Businesses selling only to other businesses often face less privacy law exposure, although some jurisdictions require prior opt-in consent for B2B marketing emails, and California includes employees and business representatives in its definition of "consumers" under the California Consumer Privacy Act. Note that B2B-focused companies selling data processing services or compliance solutions may incur greater risk, given the propensity for incentives for customers of those services to apply greater due diligence.

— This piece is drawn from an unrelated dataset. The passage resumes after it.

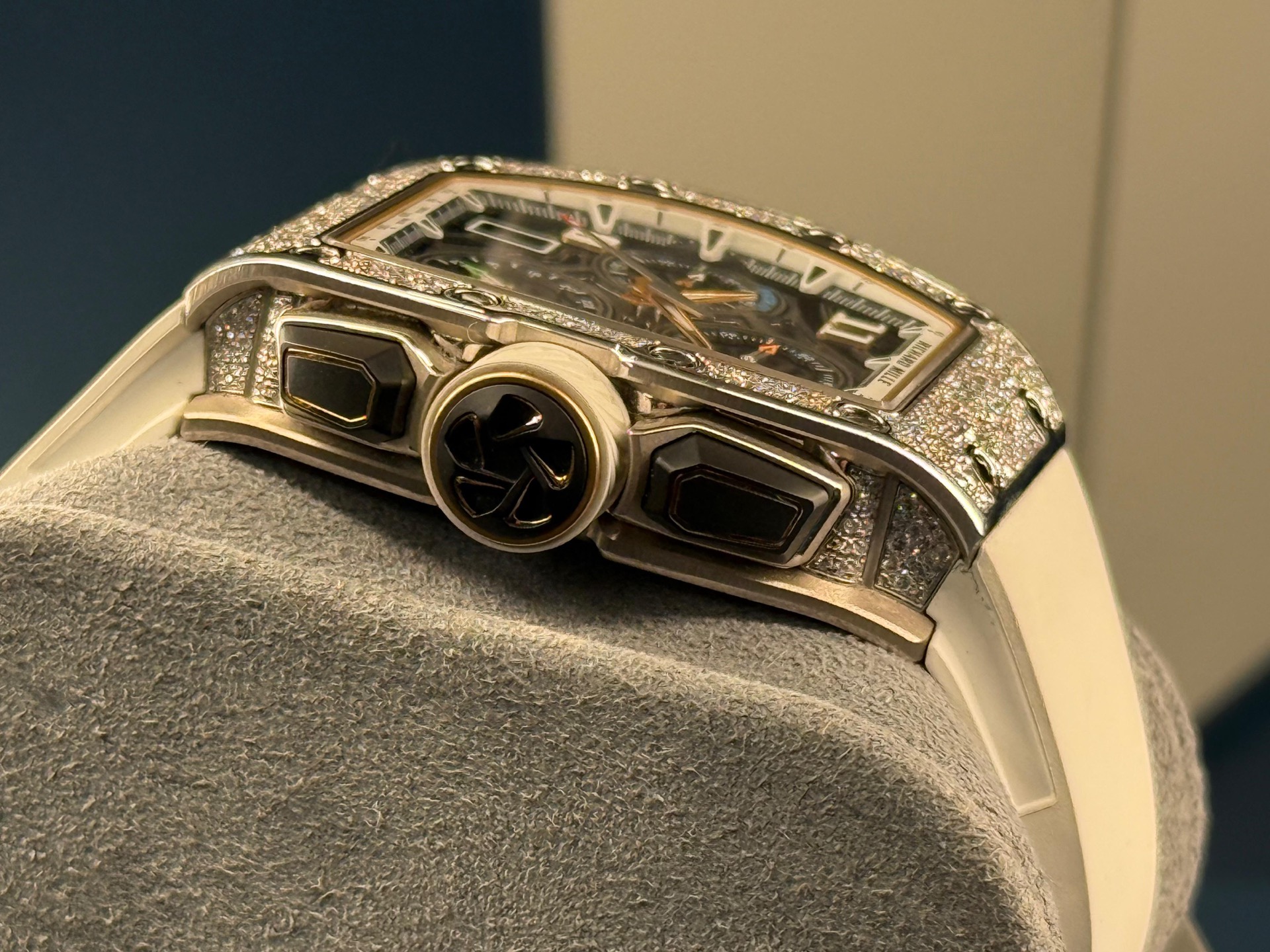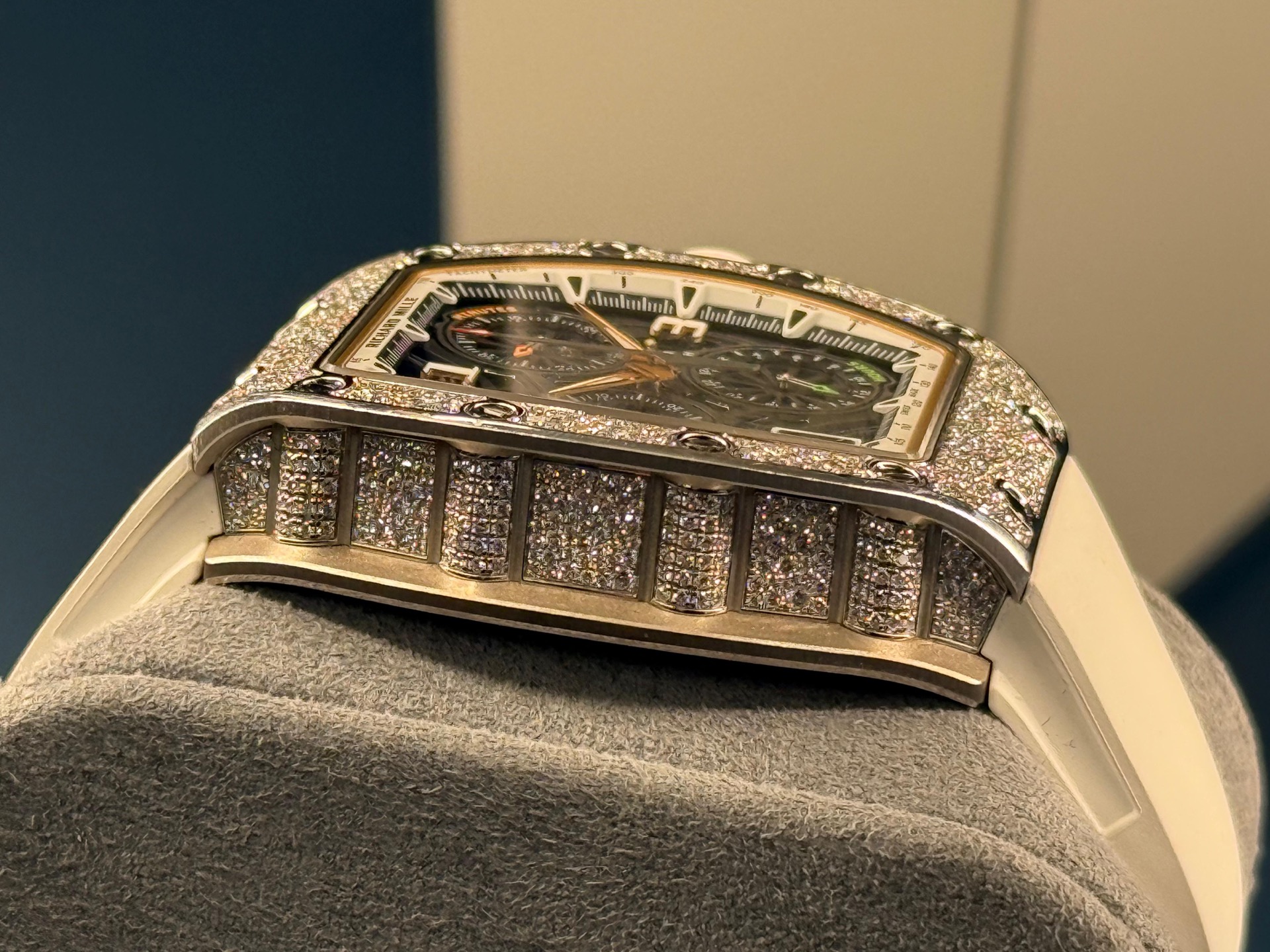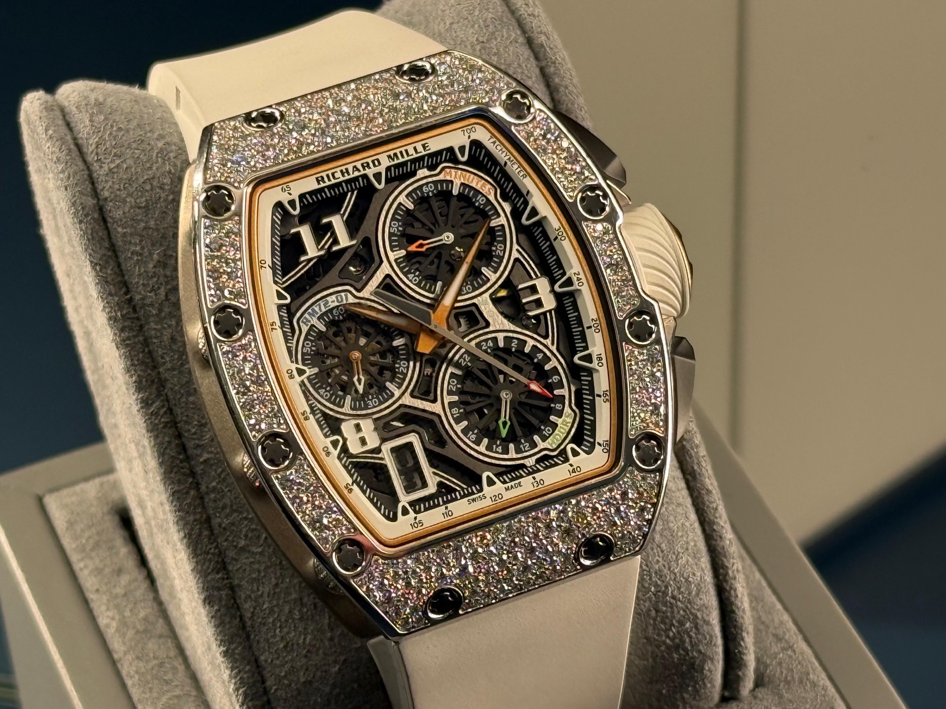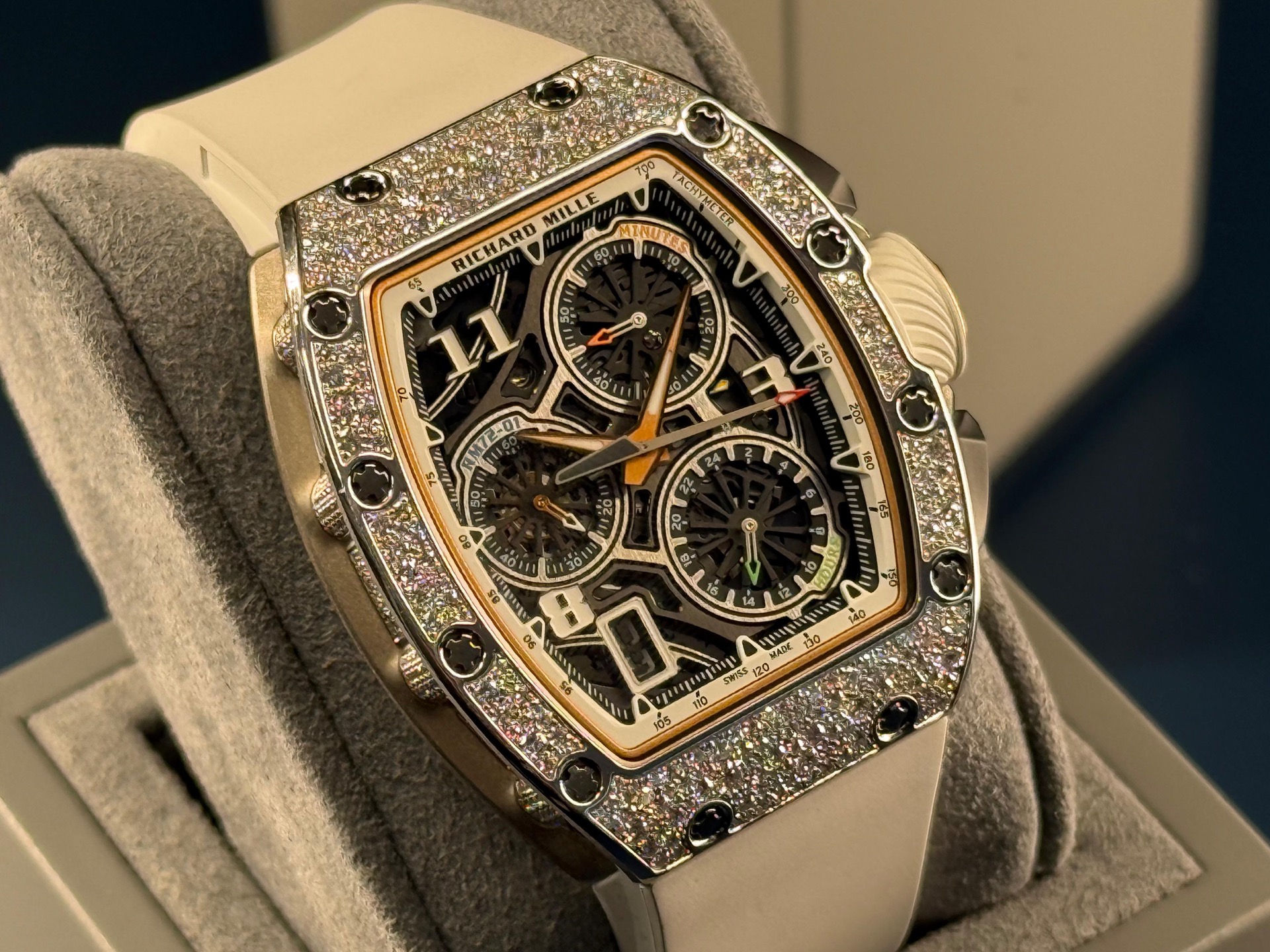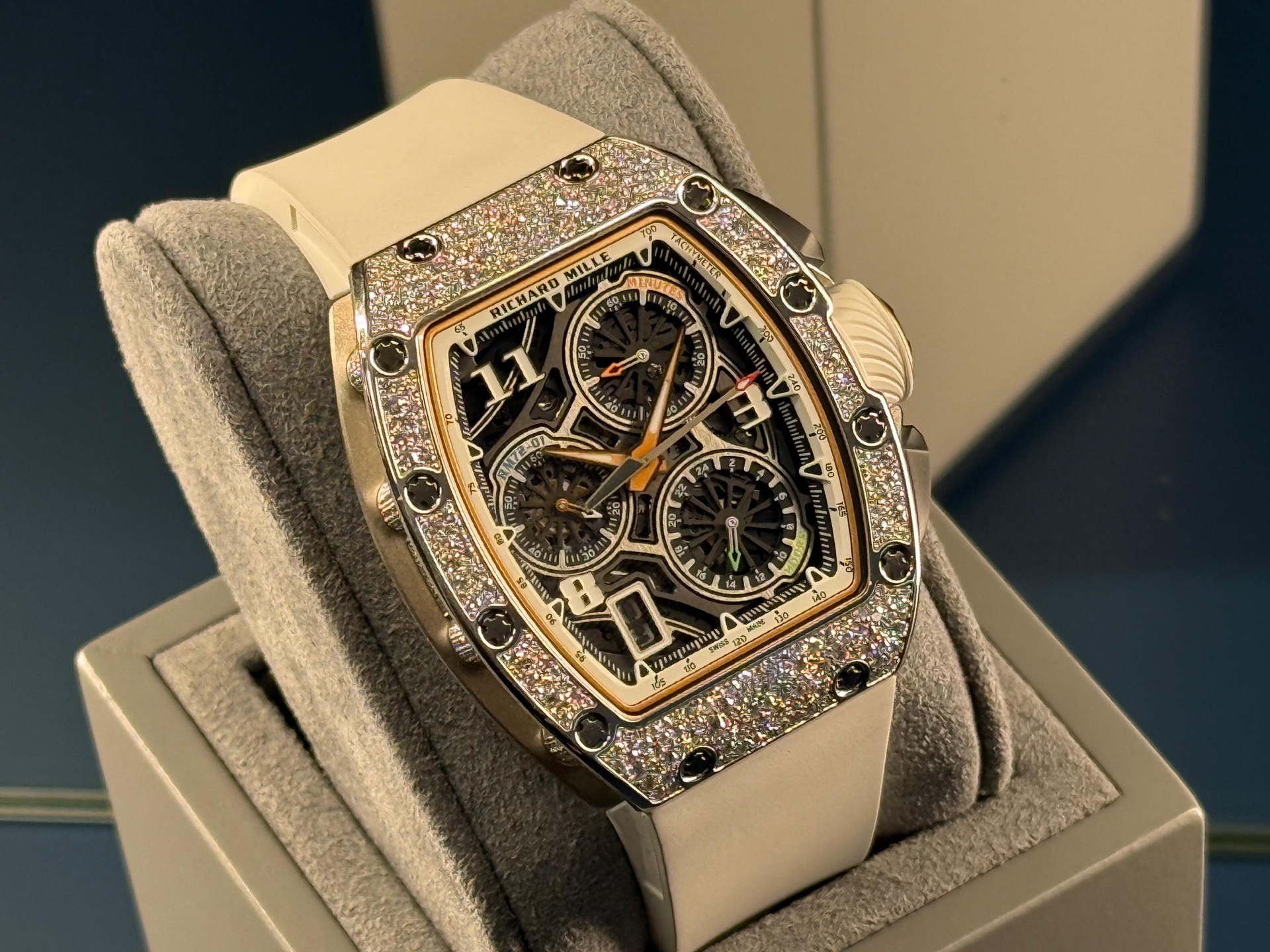 The Richard Mille RM 72-01 is a high-end automatic flyback chronograph from Richard Mille, positioned as a luxury lifestyle and technical chronograph that blends cutting-edge watchmaking with elegant design. It is notable for housing Richard Mille’s first fully in-house automatic flyback chronograph movement and in stunning precious metal with diamond decoration.

These businesses can reduce exposure to misrepresentation claims by refraining from exaggerating values in privacy policies, codes of conduct or advertisements.

Businesses marketing or selling goods or services to individuals for personal, family or household purposes face comparably more risk, as they collect personal information on individuals' interests and preferences beyond their commercial role. Compliance and litigation risks increase exponentially if they use sensitive personal information for advertising purposes, including data on biometrics, health, children, race or sexual orientation. 

Under the CCPA, companies must enable consumers to "Limit the Use of My Sensitive Personal Information," unless a statutory exemption applies. Likewise, in Colorado, companies must obtain consent for sensitive data, and under Washington state's My Health My Data Act, companies need to obtain signed authorization to sell consumer health data. Consequently, many companies now consider sensitive data "off limits" for advertising purposes.

Companies can also mitigate risk by geographically limiting advertising, for example, in Brazil, California, the EU and Quebec. Some adtech service providers proactively offer geo-blocking or restricted data processing for cookie placement, social media campaigns and bulk email initiatives.

When considering the impact of particular laws, companies should assess how readily a law is enforced by plaintiffs' attorneys or regulators. Many businesses have stopped sending SMS messages in the U.S. or using biometric information in Illinois to avoid Telephone Consumer Protection Act or Biometric Information Privacy Act class action lawsuits, respectively. Most companies also prioritize GDPR compliance, in response to fines administered by EU data protection authorities, and CCPA compliance, given two state agencies focus on enforcement and actively furnish information requests, warnings and regulations. 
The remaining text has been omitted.